== Segment start ==

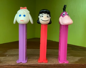 Instant Collection of 3 1990s PEZ Dispensers - Lucy Sheep Dino - Slovenia Pez Dispensers - footed pez dispensers
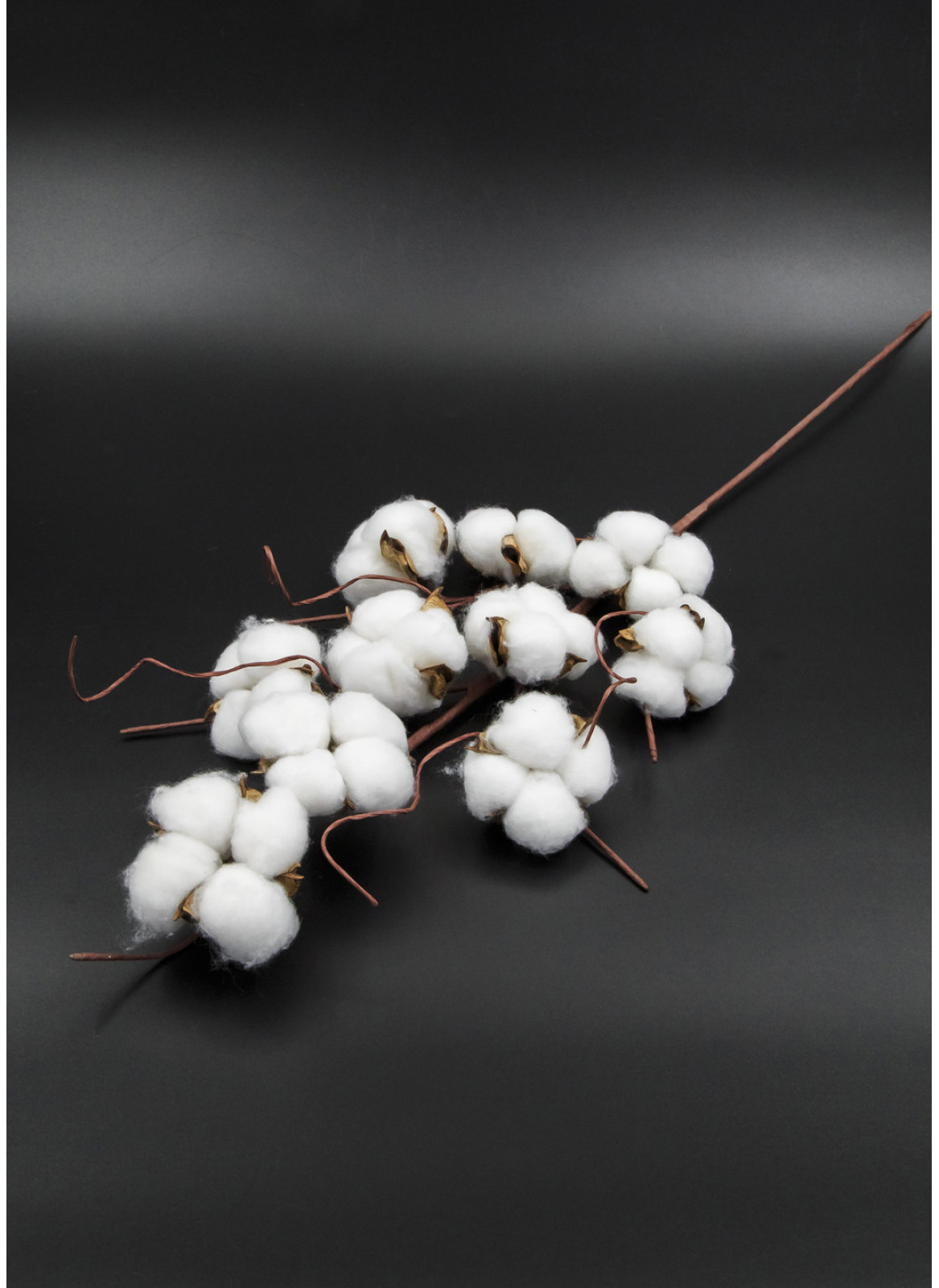 Гілочка новорічна з бавовною. Довжина самої гілки -60см, довжина суцвіття - 33см. Гілка розгалужена на пять гілочок, на яких по 2 голівки бавовни, розміром 5 на 5 см. Загально 10 голівок. Також гілочка прикрашена джгутиками-дротик в тейп стрічці, закручений.
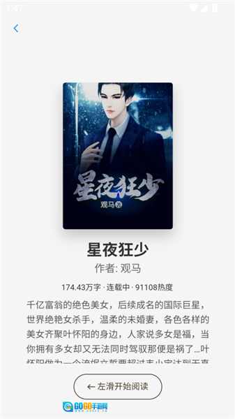 4、点击一本小说,左滑开始阅读。
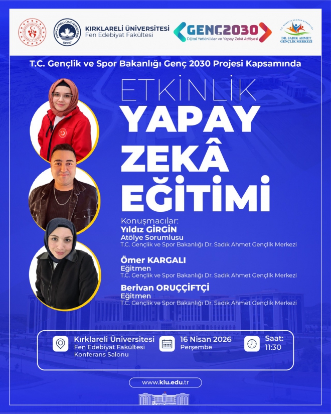 Üniversitemiz Fen Edebiyat Fakültesi tarafından, T.C. Gençlik ve Spor Bakanlığı Genç 2030 Projesi kapsamında “Yapay Zekâ Eğitimi” etkinliği düzenlenecektir.

== Segment end ==

▶ [WORK REQUIRED]
Print the material in full and exactly, minus the pictures.

▶ [SOLUTION FOR THIS TASK]
 Instant Collection of 3 1990s PEZ Dispensers - Lucy Sheep Dino - Slovenia Pez Dispensers - footed pez dispensers
 Гілочка новорічна з бавовною. Довжина самої гілки -60см, довжина суцвіття - 33см. Гілка розгалужена на пять гілочок, на яких по 2 голівки бавовни, розміром 5 на 5 см. Загально 10 голівок. Також гілочка прикрашена джгутиками-дротик в тейп стрічці, закручений.
 4、点击一本小说,左滑开始阅读。
 Üniversitemiz Fen Edebiyat Fakültesi tarafından, T.C. Gençlik ve Spor Bakanlığı Genç 2030 Projesi kapsamında “Yapay Zekâ Eğitimi” etkinliği düzenlenecektir.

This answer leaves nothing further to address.